Statistically, it’s extremely rare for people using drugs to start with heroin, he said. He agreed that the increase appears to be a consequence of the I-STOP legislation, which has otherwise been very valuable.
Many who use heroin start with a legitimate injury in which opiates, a narcotic pain reliever, are prescribed. Heroin can be the next step for people who can’t get a prescription, he said. When users find that it can take 10 illegal prescription pills, costing from $5 to $20 each, to get the same effect as a bag of heroin that could cost $20, many opt for heroin, Thalheimer said.
People can start out using it in a variety of ways, he said, including smoking or snorting. They often get their first injection from someone else, but they overcome that reluctance over time, he said.

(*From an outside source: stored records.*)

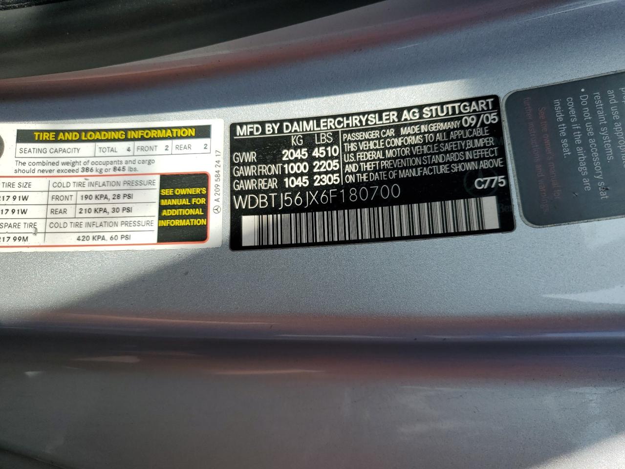 - ВИН: WDBTJ56JX6F******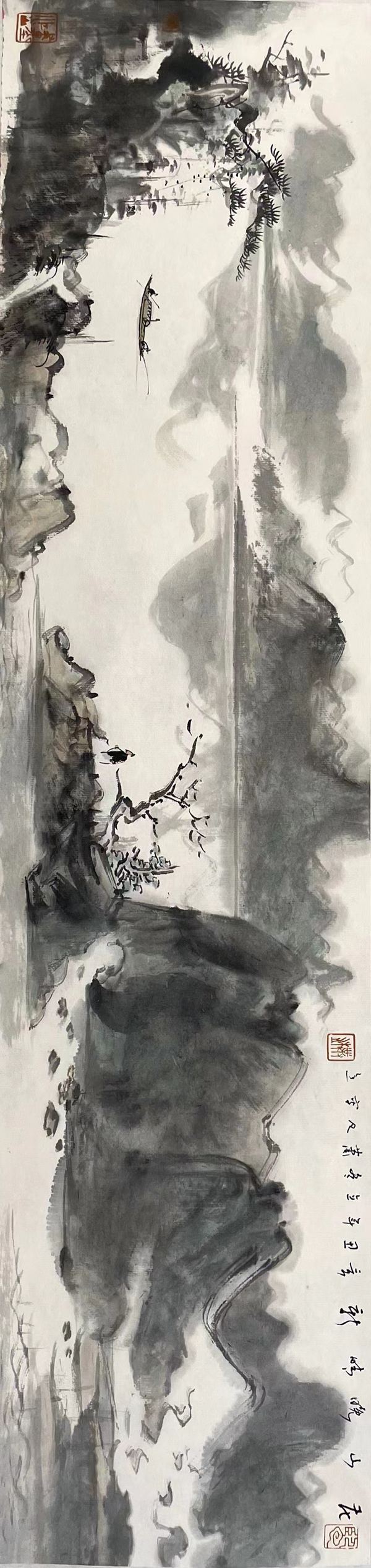 画题:画山晚晴新/尺寸:69 X17cm/材质:宣纸·水墨/年代:2020年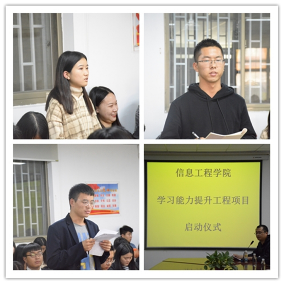 会上,太阳成集团tyc33455ccww院长李学桥教授就学习能力提升工程项目启动大会作了重要讲话:李院长充分肯定了本次学习能力提升工程的积极作用,他指出今后本科教育要转向内涵建设,要求各位老师要不忘初心,用心、用情,点燃每一个学子的梦想和希望。然后,李院长就学习能力提升工程项目进行了阐述,大学生该如何学习,该怎样学习,以及在学习过程中遇到的问题,我们该怎样解决等。 随后,各年级学生代表向大家分享了自己各专业学习过程中收获的经验和疑惑,王新平书记和白鑫副院长及各教研室主任都给予了充分的解答。并鼓励同学们要纠正畏难心理,勇于钻研,勤于思考,挑战自我。

Thalheimer said he was hopeful that the forum will lead to legislation that addresses the whole problem.
Delaware County Undersheriff Craig DuMond said he will also be in attendance. Delaware County, like other counties in the area, has struggled with the issue over the last couple of years, he said.
As the I-STOP registry curbed legal painkiller prescriptions, people who had an addiction often turned to heroin, which remained readily available, he said. As a result, crime increased as people did whatever was necessary to pay for their addiction. Current numbers on arrests were not available Tuesday.
DuMond said his agency recently has been forming a county task force.
“We are all struggling with the same issues,” he said, and a solution involves, law enforcement, treatment and education services.
“We are not going to arrest our way out of this problem,” he said. “We often treat the symptoms, and not the disease.”
DuMond added that more has to be done to educate people about what they can do, including getting treatment earlier and educating young people about the dangers of opiates.